» Excerpted records
###
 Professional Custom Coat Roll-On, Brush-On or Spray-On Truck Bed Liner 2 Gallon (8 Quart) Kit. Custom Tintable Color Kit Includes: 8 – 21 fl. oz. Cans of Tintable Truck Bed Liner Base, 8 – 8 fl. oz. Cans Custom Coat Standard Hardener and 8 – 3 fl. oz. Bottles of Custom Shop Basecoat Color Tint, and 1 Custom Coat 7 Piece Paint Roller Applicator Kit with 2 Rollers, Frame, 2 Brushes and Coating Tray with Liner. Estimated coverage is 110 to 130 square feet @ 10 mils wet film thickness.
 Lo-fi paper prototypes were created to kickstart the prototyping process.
###
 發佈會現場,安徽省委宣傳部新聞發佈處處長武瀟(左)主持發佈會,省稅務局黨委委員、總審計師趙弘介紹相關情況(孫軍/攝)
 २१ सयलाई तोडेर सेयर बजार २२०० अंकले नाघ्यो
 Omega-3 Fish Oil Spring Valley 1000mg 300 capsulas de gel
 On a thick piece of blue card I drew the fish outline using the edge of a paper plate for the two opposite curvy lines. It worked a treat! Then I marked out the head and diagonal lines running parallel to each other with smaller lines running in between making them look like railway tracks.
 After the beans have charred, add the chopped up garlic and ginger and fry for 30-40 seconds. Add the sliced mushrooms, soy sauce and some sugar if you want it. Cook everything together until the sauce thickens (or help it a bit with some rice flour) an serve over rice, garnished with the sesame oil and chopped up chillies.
###
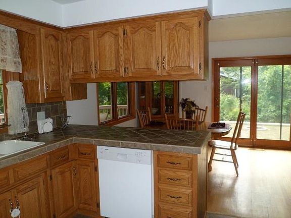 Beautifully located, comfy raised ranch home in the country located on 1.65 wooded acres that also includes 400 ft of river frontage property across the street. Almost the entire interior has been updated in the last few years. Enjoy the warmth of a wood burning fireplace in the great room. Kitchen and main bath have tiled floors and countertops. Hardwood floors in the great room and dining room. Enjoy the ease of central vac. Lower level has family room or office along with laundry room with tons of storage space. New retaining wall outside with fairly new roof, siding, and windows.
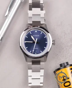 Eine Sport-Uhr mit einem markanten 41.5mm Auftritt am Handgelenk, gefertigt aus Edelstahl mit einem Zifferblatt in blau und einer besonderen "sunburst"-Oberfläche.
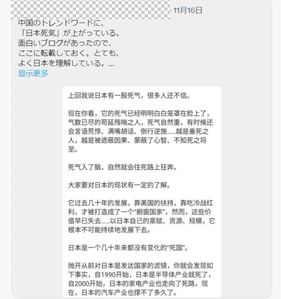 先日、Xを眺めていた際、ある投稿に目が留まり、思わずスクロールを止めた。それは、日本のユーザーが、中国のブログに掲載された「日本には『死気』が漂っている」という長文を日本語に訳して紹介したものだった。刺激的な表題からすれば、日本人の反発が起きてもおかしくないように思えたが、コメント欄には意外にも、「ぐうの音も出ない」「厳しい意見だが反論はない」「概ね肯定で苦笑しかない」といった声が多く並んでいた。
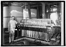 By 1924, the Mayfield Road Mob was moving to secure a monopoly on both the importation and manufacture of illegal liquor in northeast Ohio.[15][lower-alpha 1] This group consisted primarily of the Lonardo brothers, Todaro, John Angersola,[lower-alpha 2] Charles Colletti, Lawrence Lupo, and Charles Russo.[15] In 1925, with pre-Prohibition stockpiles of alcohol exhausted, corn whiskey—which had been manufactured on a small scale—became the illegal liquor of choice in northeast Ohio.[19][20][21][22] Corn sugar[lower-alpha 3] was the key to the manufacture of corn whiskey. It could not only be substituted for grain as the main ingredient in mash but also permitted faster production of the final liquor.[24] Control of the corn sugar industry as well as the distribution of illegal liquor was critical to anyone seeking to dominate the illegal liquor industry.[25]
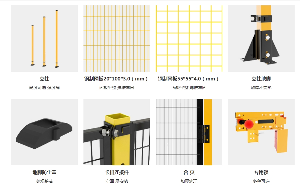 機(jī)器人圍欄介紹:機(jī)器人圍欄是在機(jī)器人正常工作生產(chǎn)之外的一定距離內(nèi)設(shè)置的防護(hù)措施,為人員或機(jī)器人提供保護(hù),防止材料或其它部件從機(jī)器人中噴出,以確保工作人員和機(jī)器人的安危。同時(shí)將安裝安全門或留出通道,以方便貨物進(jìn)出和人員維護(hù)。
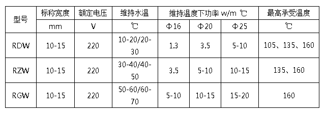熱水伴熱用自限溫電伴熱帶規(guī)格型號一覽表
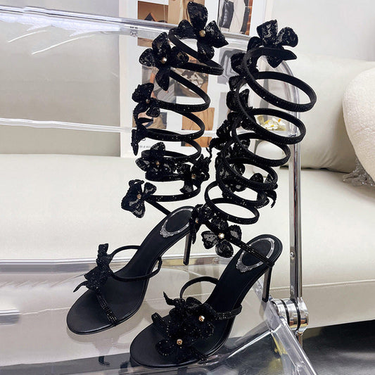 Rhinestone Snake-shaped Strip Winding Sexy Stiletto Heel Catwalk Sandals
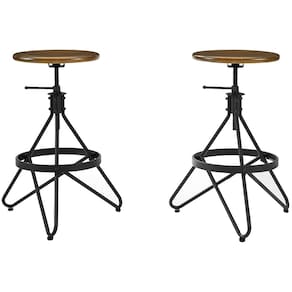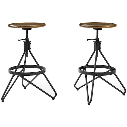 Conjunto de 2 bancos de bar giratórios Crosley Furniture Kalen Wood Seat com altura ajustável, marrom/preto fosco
###
Give nothing but the count of lines in the listing above that hold the string "paper".

2